» Activity
With the pictures left out, reproduce exactly the lines from the one containing "Front: Soldiers' Monument, Hamburg, N, Y." through the final line of the entries.

Top of Extracted information

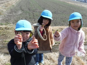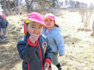 お散歩中、何かを見つけました。「大変、こんなところに梅干しが落っこちてる」「うわぁ!すごいでかいじゃん」「どれどれ」とあっという間に子たちが集まりました。「こんなところにまさか・・・?」と保育士も見に行くと、本当に梅干しそっくりでびっくり!!よく考えるとそこはリンゴ畑の真ん中、秋に落ちたリンゴがそのまま冬を越し、梅干しそっくりの形状になってしまったのです。こども達は面白いものを見つける神様です。
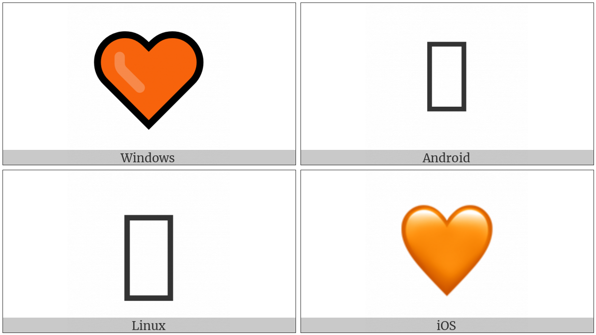 The image below shows how the “Orange Heart” symbol might look like on different operating systems. If the font in which this web site is displayed does not contain the symbol and there is no fallback font able to render it, you can use the image below to get an idea of what it should look like.
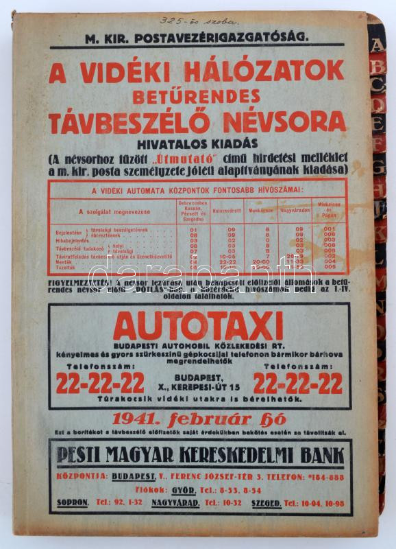 Leírás: 1941 A vidéki hálózatok betűrendes távbeszélő névsora, kiadja a M.Kir.Postavezérigazgatóság
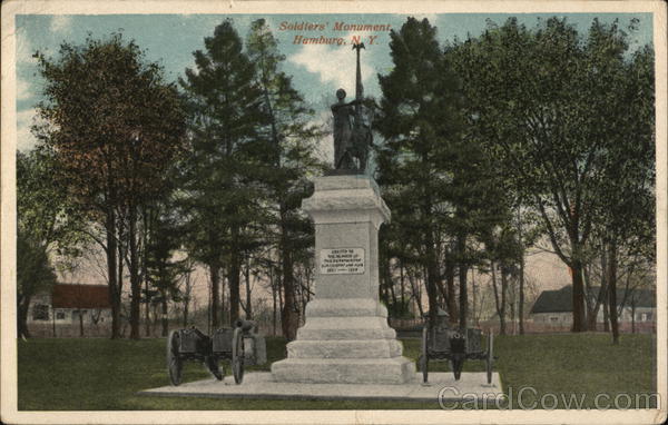 Front: Soldiers' Monument, Hamburg, N, Y. CRECTO 10 THE MEMORY OF THE DEFENOote SUA COVERY ANO FLAK 1861 1868 SED Back: Fair я 1915 Потвид пу 41762 завод Hamburg TOCHROME SI 19 AM NE GEVARIE R тека 9чев Деан 416 South Fremont Los Angeles ali
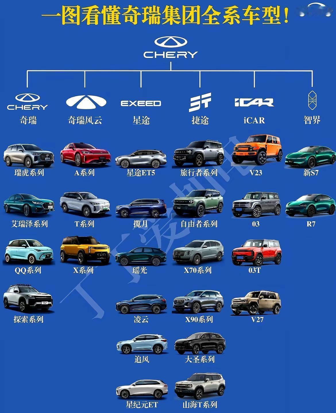 我一直以为奇瑞就是造QQ的那个厂子,顶多再加个满街跑的瑞虎。 今天我才发现,我错了,错得离谱。 这哪是个汽车厂啊,这简直是一支分工明确的“集团军”。 老大哥“奇瑞”自己,是绝对的主力部队,瑞虎、艾瑞泽这些,就是冲在最前面的正规军,稳扎稳打,保住基本盘。 以前总觉得国产车差点意思,现在再看奇瑞这盘棋。 从几万块的小电车,到三四十万的智能旗舰,从家用到越野,从燃油到纯电…… 它好像在说:甭管你是谁,预算多少,想干嘛去, 我这里总有一款车适合你[赞][赞]

Bottom of Extracted information

» Task response
 Front: Soldiers' Monument, Hamburg, N, Y. CRECTO 10 THE MEMORY OF THE DEFENOote SUA COVERY ANO FLAK 1861 1868 SED Back: Fair я 1915 Потвид пу 41762 завод Hamburg TOCHROME SI 19 AM NE GEVARIE R тека 9чев Деан 416 South Fremont Los Angeles ali
 我一直以为奇瑞就是造QQ的那个厂子,顶多再加个满街跑的瑞虎。 今天我才发现,我错了,错得离谱。 这哪是个汽车厂啊,这简直是一支分工明确的“集团军”。 老大哥“奇瑞”自己,是绝对的主力部队,瑞虎、艾瑞泽这些,就是冲在最前面的正规军,稳扎稳打,保住基本盘。 以前总觉得国产车差点意思,现在再看奇瑞这盘棋。 从几万块的小电车,到三四十万的智能旗舰,从家用到越野,从燃油到纯电…… 它好像在说:甭管你是谁,预算多少,想干嘛去, 我这里总有一款车适合你[赞][赞]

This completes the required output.